Interplay between neural-cadherin and vascular endothelial-cadherin in breast cancer progression

Authors: Maryam Rezaei, Katrin Friedrich, Ben Wielockx, Aleksandar Kuzmanov, Antje Kettelhake, Myriam Labelle, Hans Schnittler, Gustavo Baretton, Georg Breier

Published in: Breast Cancer Research | Issue 6/2012

Abstract

Introduction

Deregulation of cadherin expression, in particular the loss of epithelial (E)-cadherin and gain of neural (N)-cadherin, has been implicated in carcinoma progression. We previously showed that endothelial cell-specific vascular endothelial (VE)-cadherin can be expressed aberrantly on tumor cells both in human breast cancer and in experimental mouse mammary carcinoma.

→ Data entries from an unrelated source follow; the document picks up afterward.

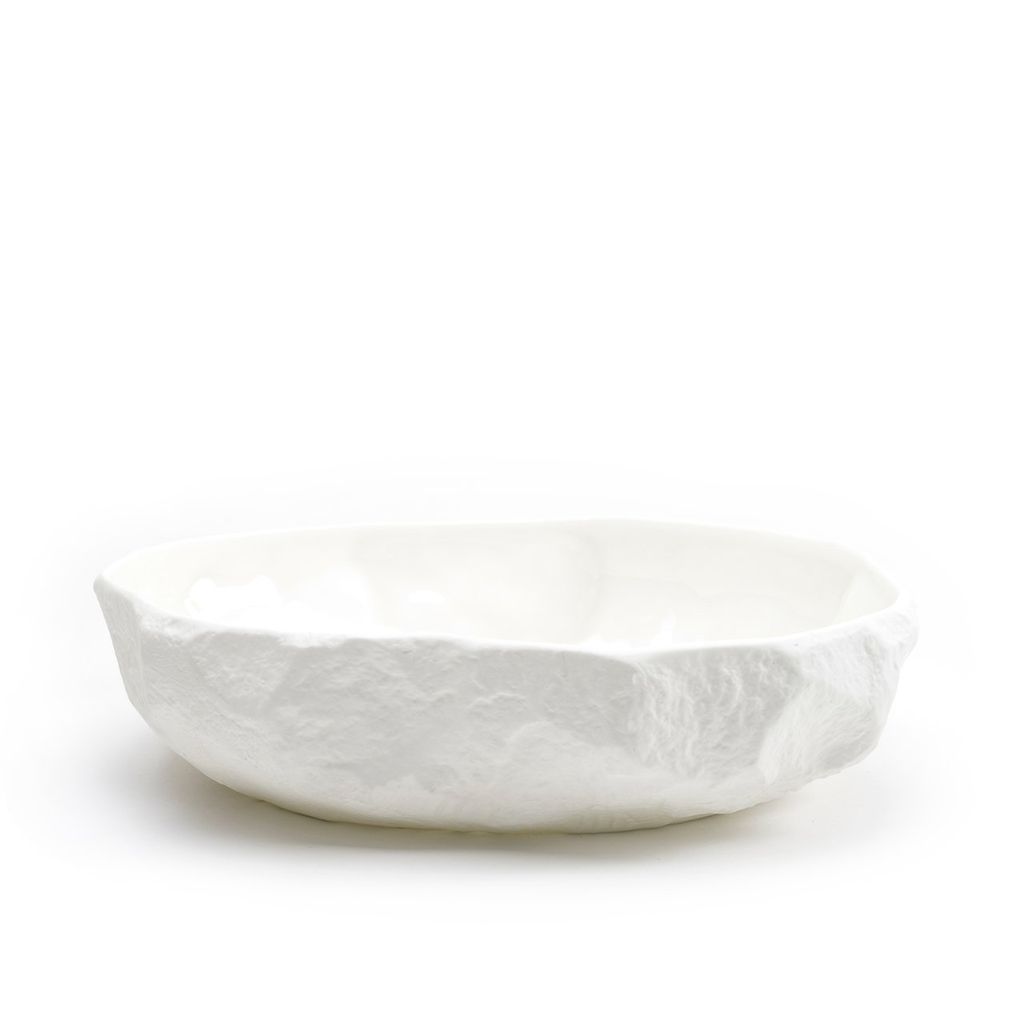 A collection of fine bone china tableware slip-cast from plaster models carved by hand, with glazed interior for functionality and raw exterior reflecting the modest surface texture of the plaster original. The process of slip-casting begins with the creation of a three- dimensional model of the design known as a master by a professional model-maker, from which the production mould is cast. Crockery bypasses this process by placing the responsibility of both designer and model-maker in the hands of Max Lamb. Using the tools of a stone mason Max chips and carves a solid block of plaster to make a series of tableware, the design of each formed quite simply out of their own making.
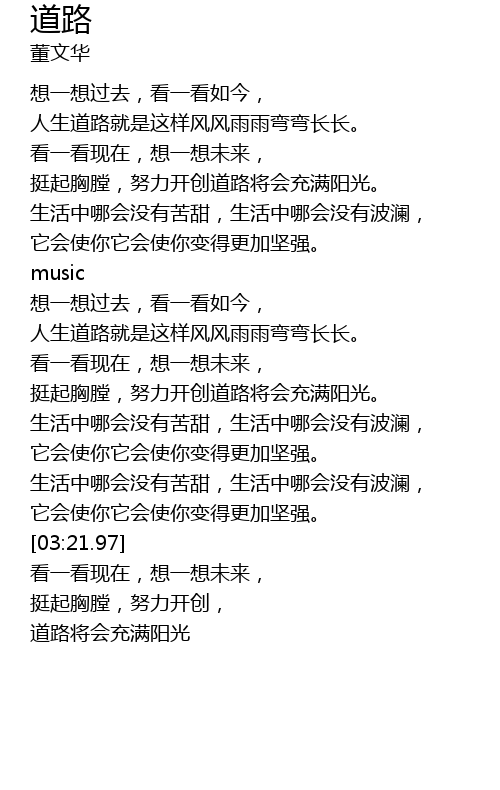 | [00:49.93] | 人生道路就是这样风风雨雨弯弯长长。 |
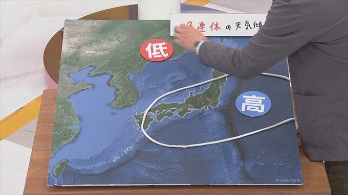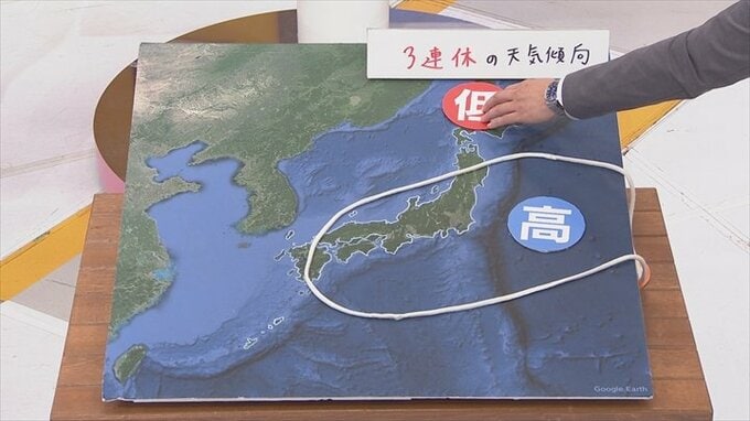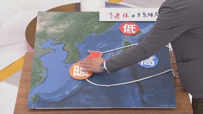 つまり暖かい空気がどんどん南から流れ込みやすくなりますので、3連休は基本的には天気の崩れはなし。
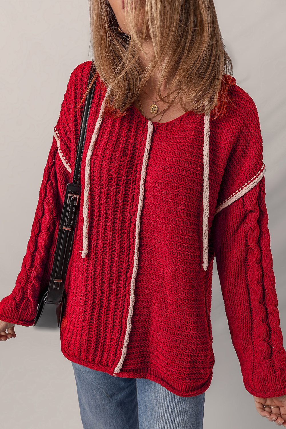 - Contrast trim adds a bold, modern edge to this cozy knit hooded sweater.
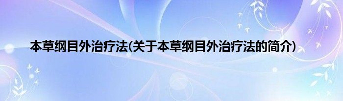 大家好,本草纲目外治疗法,关于本草纲目外治疗法的简介很多人还不知道,现在让我们一起来看看吧!
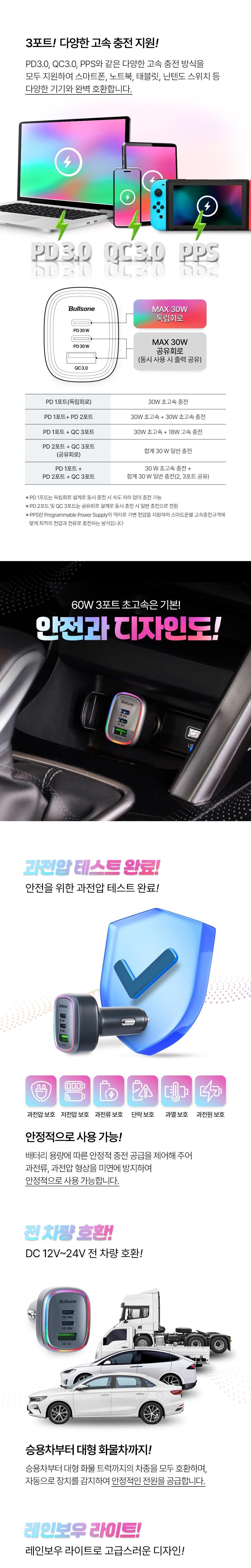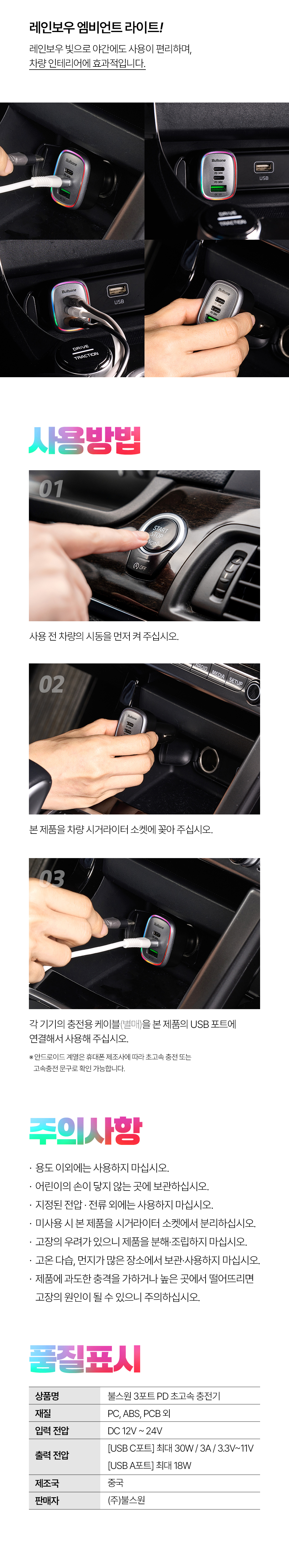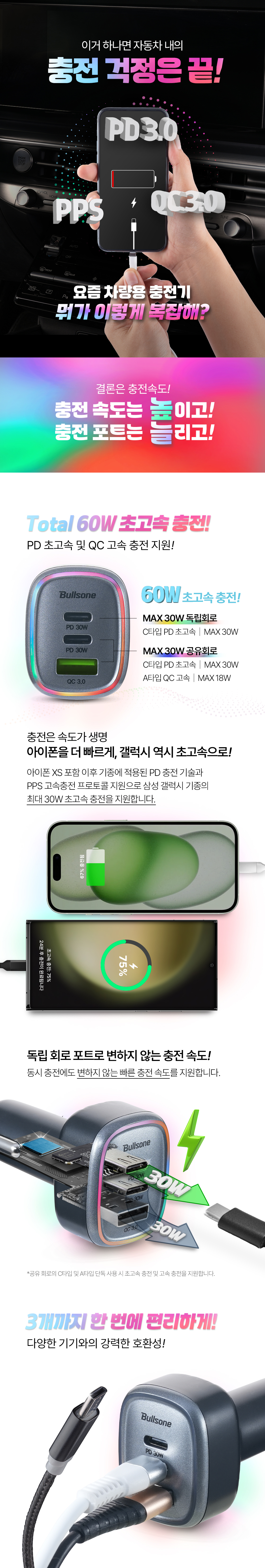 C타입, USB 타입 초고속 충전 지원 3포트 PD 충전기
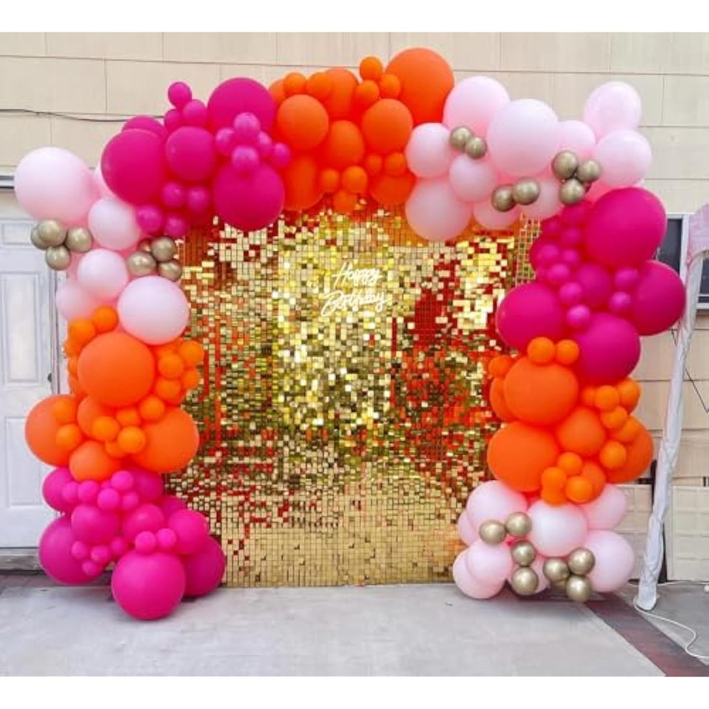 This Orange Balloon Garland Arch Kit includes 143 high-quality latex balloons in assorted sizes—18" (3 pcs), 12" (30 pcs), 10" (55 pcs), and 5" (55 pcs)—along with a 16 ft garland strip and 100 glue dots, perfect for creating a stunning orange-themed balloon display. Made from durable, non-toxic latex, the balloons can be filled with air or helium for versatile decorating options. The kit also includes essential assembly tools for effortless setup—simply insert balloon knots into the strip, secure with glue dots, and enhance with ribbons for added beauty. Ideal for birthdays, baby showers, weddings, tropical events, Halloween, summer parties, and more, this bright orange balloon arch brings a lively, cheerful atmosphere to any celebration.
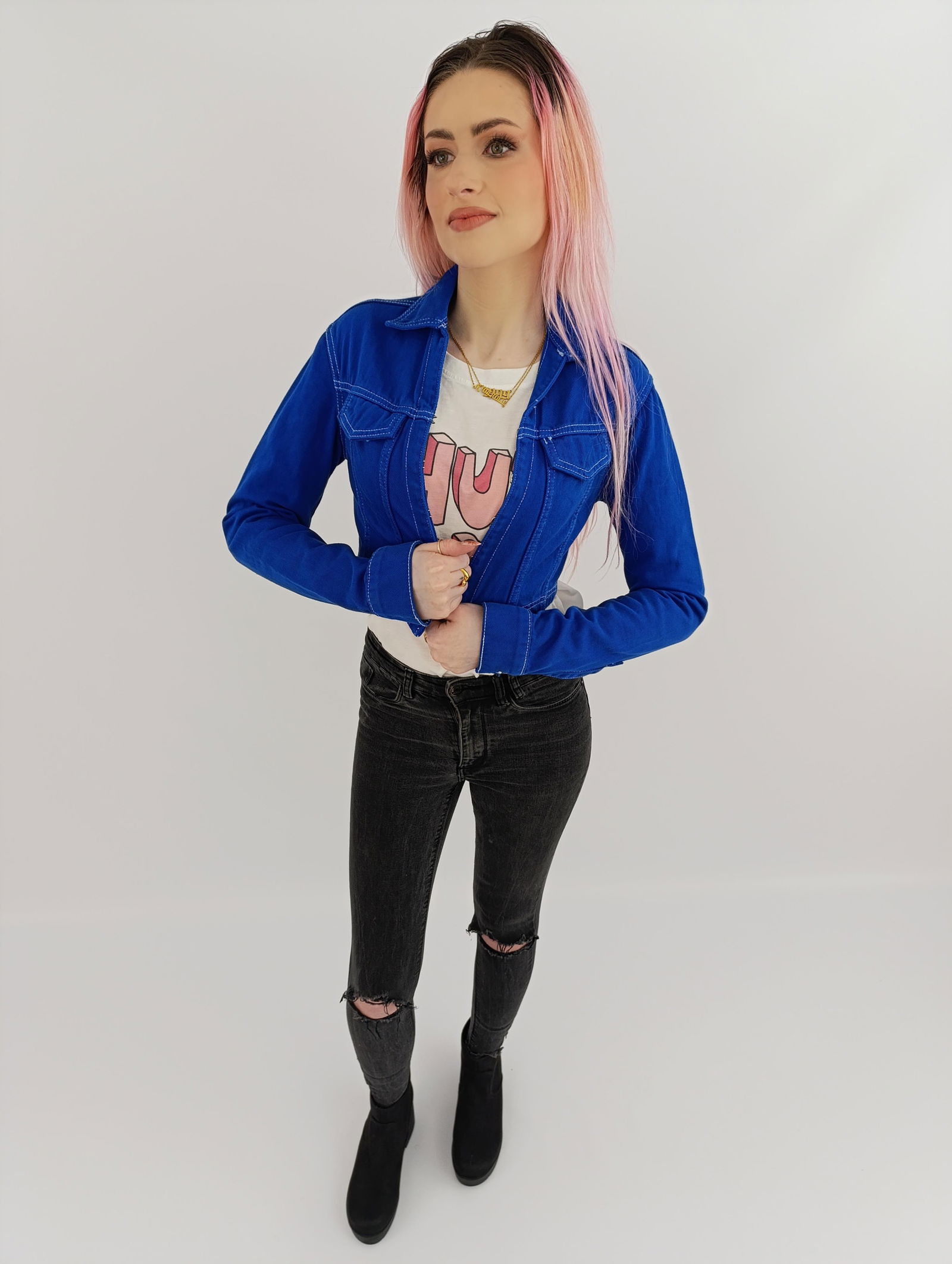 Kurtka damska marki Denim Co., wykonana z bawełny, w modnym niebieskim kolorze - krótka kurtka katana jeansowa.

Functional analyses revealed that VE-cadherin promotes tumor cell proliferation and invasion by stimulating transforming growth factor (TGF)-β signaling. Here, we investigate the functional interplay between N-cadherin and VE-cadherin in breast cancer.

Methods

The expression of N-cadherin and VE-cadherin was evaluated by immunohistochemistry in a tissue microarray with 84 invasive human breast carcinomas. VE-cadherin and N-cadherin expression in mouse mammary carcinoma cells was manipulated by RNA interference or overexpression, and cells were then analyzed by immunofluorescence, reverse transcriptase-polymerase chain reaction, and western blot. Experimental tumors were generated by transplantation of the modified mouse mammary carcinoma cells into immunocompetent mice. Tumor growth was monitored, and tumor tissue was subjected to histological analysis.

Results

VE-cadherin and N-cadherin were largely co-expressed in invasive human breast cancers. Silencing of N-cadherin in mouse mammary carcinoma cells led to decreased VE-cadherin expression and induced changes indicative of mesenchymal-epithelial transition, as indicated by re-induction of E-cadherin, localization of β-catenin at the cell membrane, decreased expression of vimentin and SIP1, and gain of epithelial morphology. Suppression of N-cadherin expression also inhibited tumor growth in vivo, even when VE-cadherin expression was forced.

Conclusions

Our results highlight the critical role of N-cadherin in breast cancer progression and show that N-cadherin is involved in maintaining the malignant tumor cell phenotype. The presence of N-cadherin prevents the re-expression of E-cadherin and localization of β-catenin at the plasma membrane of mesenchymal mammary carcinoma cells. N-cadherin is also required to maintain the expression of VE-cadherin in malignant tumor cells but not vice versa. Thus, N-cadherin acts in concert with VE-cadherin to promote tumor growth.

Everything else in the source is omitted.